_PROBLEM TO WORK ON_
Starting at the line that holds "جهش جالب یک بره در علفزارهای آلمان", quote every line through the end of the records, both boundary lines included. Omit the pictures.

[Records from a data collection]
- - -

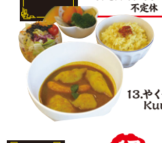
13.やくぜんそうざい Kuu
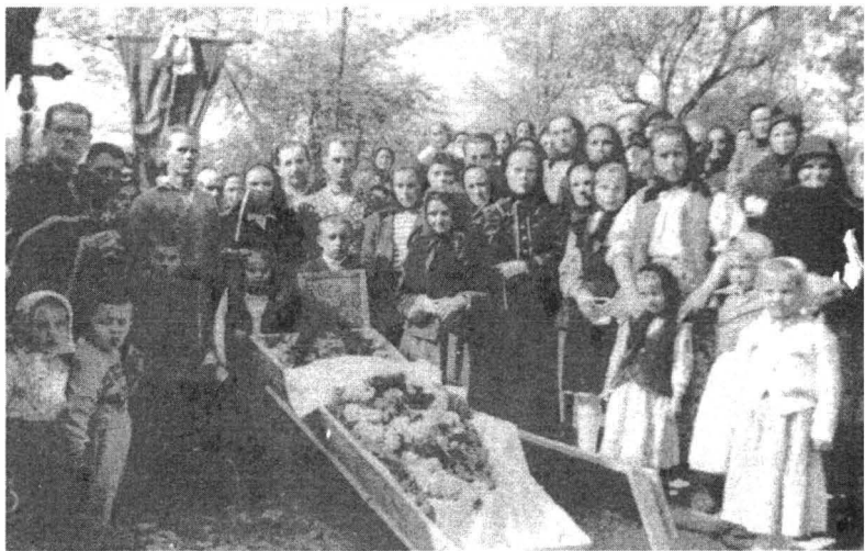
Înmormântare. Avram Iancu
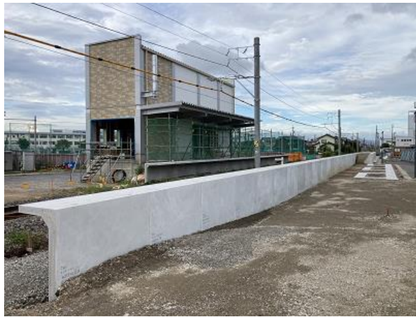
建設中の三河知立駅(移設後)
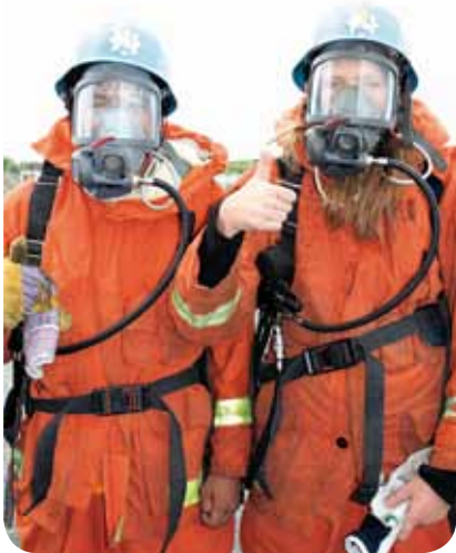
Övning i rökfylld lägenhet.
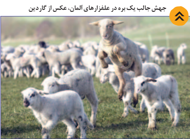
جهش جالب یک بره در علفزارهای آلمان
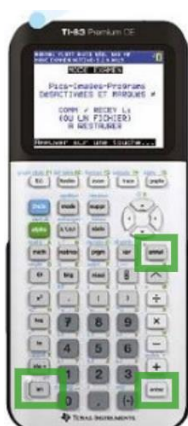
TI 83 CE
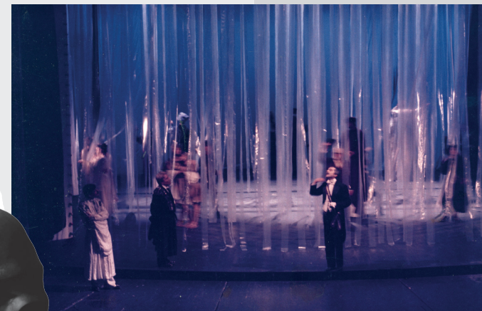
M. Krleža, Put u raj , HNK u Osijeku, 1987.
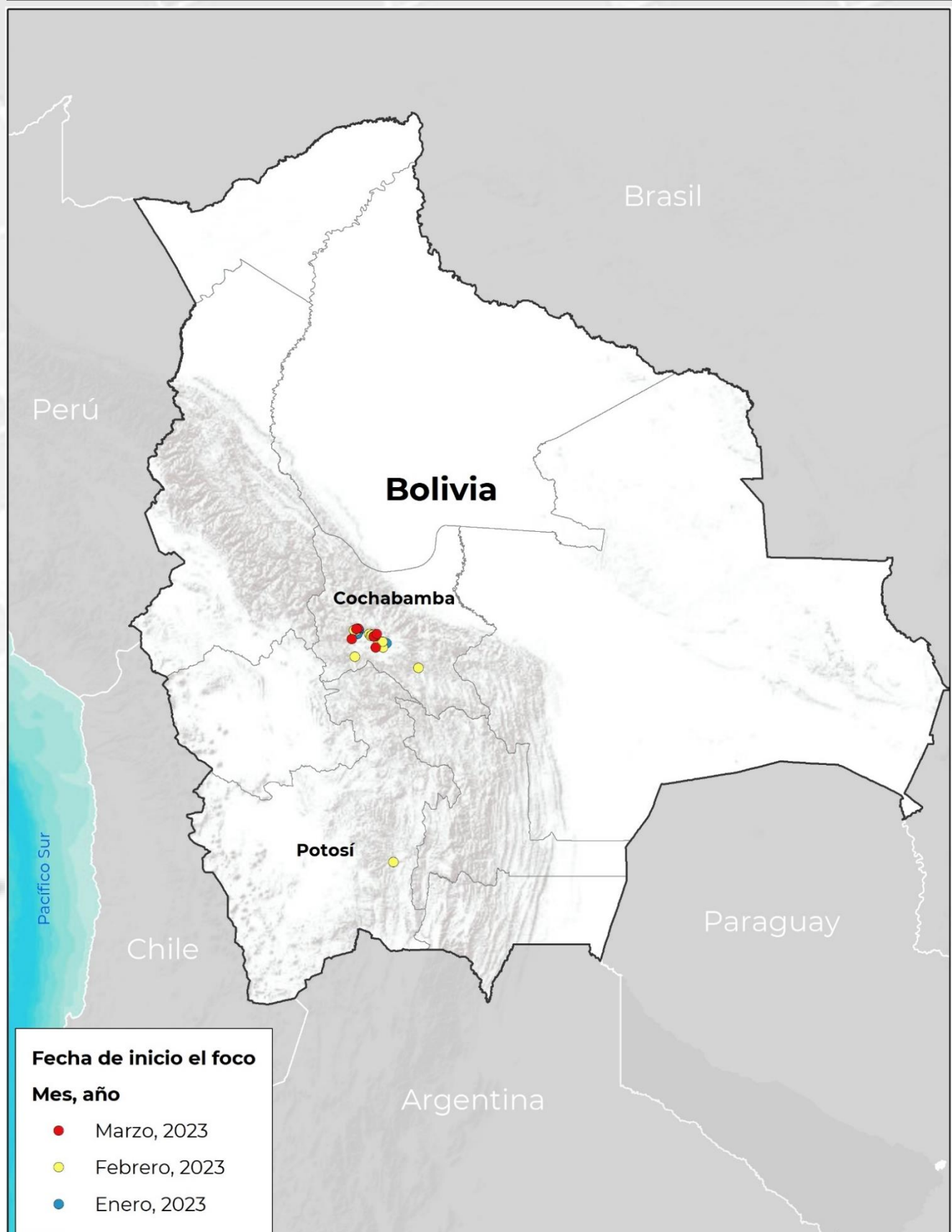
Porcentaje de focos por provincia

- - -

_EXERCISE RESULT_
جهش جالب یک بره در علفزارهای آلمان
TI 83 CE
M. Krleža, Put u raj , HNK u Osijeku, 1987.
Porcentaje de focos por provincia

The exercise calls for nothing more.